The little gray kitten was so embarrassed by this interruption that she forgot where she had left off in her story; but then she was so very little!

“You were saying,” said Mrs. Polly, “that your mother took you out of doors to teach you to hunt.”

“Oh yes,” answered the gray kitten, “so I was. Well, it was very pleasant, and we enjoyed ourselves very much, and I caught a little field-mouse, and so did my brother; and our mother praised us, and said that after all perhaps we would turn out smarter cats than if we had been brought up to have everything we wanted, for then we might have become lazy.”

“Very true, indeed,” interrupted the barn-cat, with a triumphant glance at the house-cat. “Your mother must have been a very sensible cat!”

“Well, then what happened, little one?” asked Mrs. Polly; for the gray kitten was again thrown off her balance by the interruption.

“The next is very sad, indeed,” said the gray kitten. “We were going home, so happy to think our dear mother was so pleased with us, when all at once we heard a dreadful noise. My brother and I were frightened half to death, for we had never heard a noise like it. My mother said it was a dog, and there was a boy with it,—a bad boy; my mother said all boys were bad—”

“Not all boys,” said the barn-cat. “Tom isn’t a bad boy; he wouldn’t hurt a kitten for the world. I’d trust him anywhere with my kittens.”

“He isn’t so mischievous as Posy is,” said the house-cat.

“Posy isn’t mischievous,” said the barn-cat warmly; “she doesn’t mean to do mischief. You can’t call it mischief when she thinks she’s doing something to help you all the time.”

“Please don’t interrupt so often,” said the canary; “you said, little kitten, that a big dog and a boy came up.”
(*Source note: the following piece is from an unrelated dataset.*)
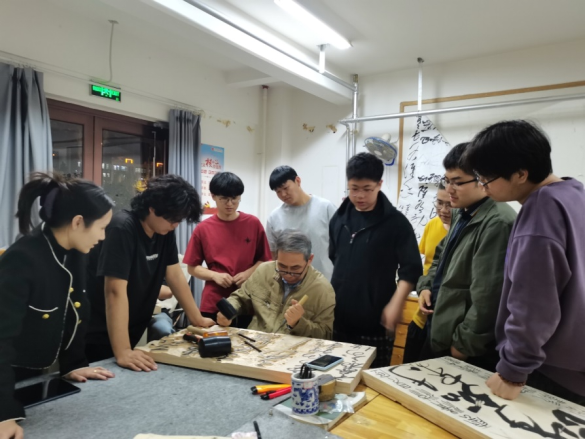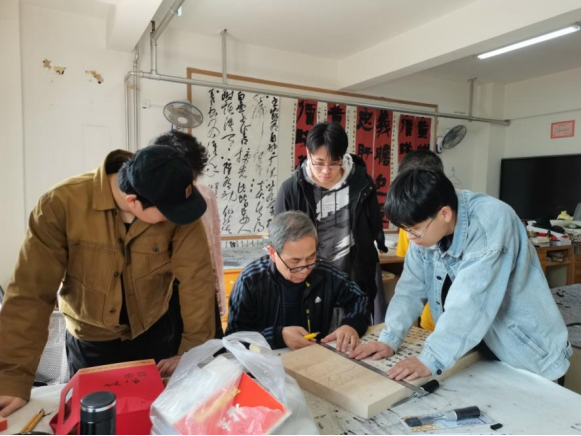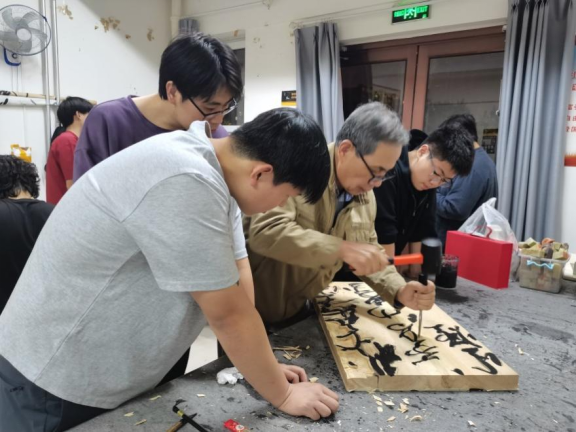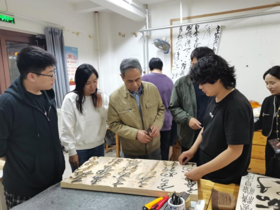田雨潇总结了文学院刻字艺术讲习班的开展情况,回顾了自3月份展览征稿发布以来,文学院领导高度重视,迅速成立了现代刻字艺术讲习班,聘请到著名书法家张之先生为主讲导师,并选拔出9名学生参加讲习班学习。为期两个月的讲习班,张之先生坚持每周两次的固定指导,风雨无阻无私奉献,让参训学生受益匪浅。参训的9名同学从零开始接触刻字艺术,在张之先生指导下进步迅速,均创作出了高水平的艺术作品。 在本次河北省书法家协会主办的“纪念中国人民抗日战争暨世界反法西斯战争胜利80周年”河北省第七届刻字艺术展中,9位同学的精品创作均通过了严格评审,全部入展,其中书法学专业学生高海涛、陈朝伟作品获奖(全省获奖作者共10人,其中沧州2人,均为新葡萄官网学生),张菁、宋叶园、付忠澄、裴瑞中、徐正日、刘乘玮、于晴等作品入展。此次刻字展中,沧州地区获奖入展共20人,新葡萄官网学生占据半壁江山,这是新葡萄官网书法学专业刻字创作的一次集中展示,为学生的拓展课程学习打开了新的思路,是专业培养应用型、实践性的一次成功实验。

“Yes,” continued the little gray kitten; “and as soon as the boy saw us he said, ‘Hie, Rover, seize ’em, sir!’ and the big dog, looking, oh, so fierce and angry, rushed at us with his mouth wide open, and making that dreadful noise. There was a tree near us, and my mother told my brother and me to climb up the tree as quickly as we could. My poor mother gave us the first chance, for she knew we couldn’t climb as well as she could, and she stood at the foot of the tree with her fur all bristling up and spitting at the big dog. We got up to the first branches where the dog couldn’t reach us; but before my poor mother had time to follow us the big dog seized her, and gave her one shake and killed her.”

Her hearers were very quiet as the little gray kitten ceased and sat crying softly to herself. The barn-cat gave her nose a sharp rub with her paw, and then jumped down and examined very carefully a hole under the window, as if she expected to find a mouse there. Her feelings were very much touched, for she couldn’t help thinking how dreadful it would be if her little kittens were left without a mother to care for them.

“Well,” she said, after a pause, coming back to her place on the window-sill, “what did your brother and you do then?”

“We waited till the boy and the big dog were gone,” said the little gray kitten, “and then we climbed down from the tree and went home. It was very lonely in the old shed, and we almost starved to death, for we were too small to catch mice enough to satisfy our appetites. My brother got tired of living so, and said he was going to try to find a better home where they would feed him, but I stayed where I was.”

“How about that girl you said used to feed you?” asked the house-cat.

“She was a poor little girl who didn’t have any mother either, and the woman I belonged to made her work hard and gave her very little to eat; but she pitied me, and often went hungry herself to share her food with me.”

“What made your eyes so bad, my dear?” asked Mrs. Polly kindly.

“I think it must have been the cold; it was very cold in the shed.”

There was a few minutes’ silence, and then Mrs. Polly said,—

“I have been thinking the matter over, and I believe the best thing to do is to get Posy to help us. You put yourself in the way where she’ll see you,” she said to the little gray kitten, “and all will be well.”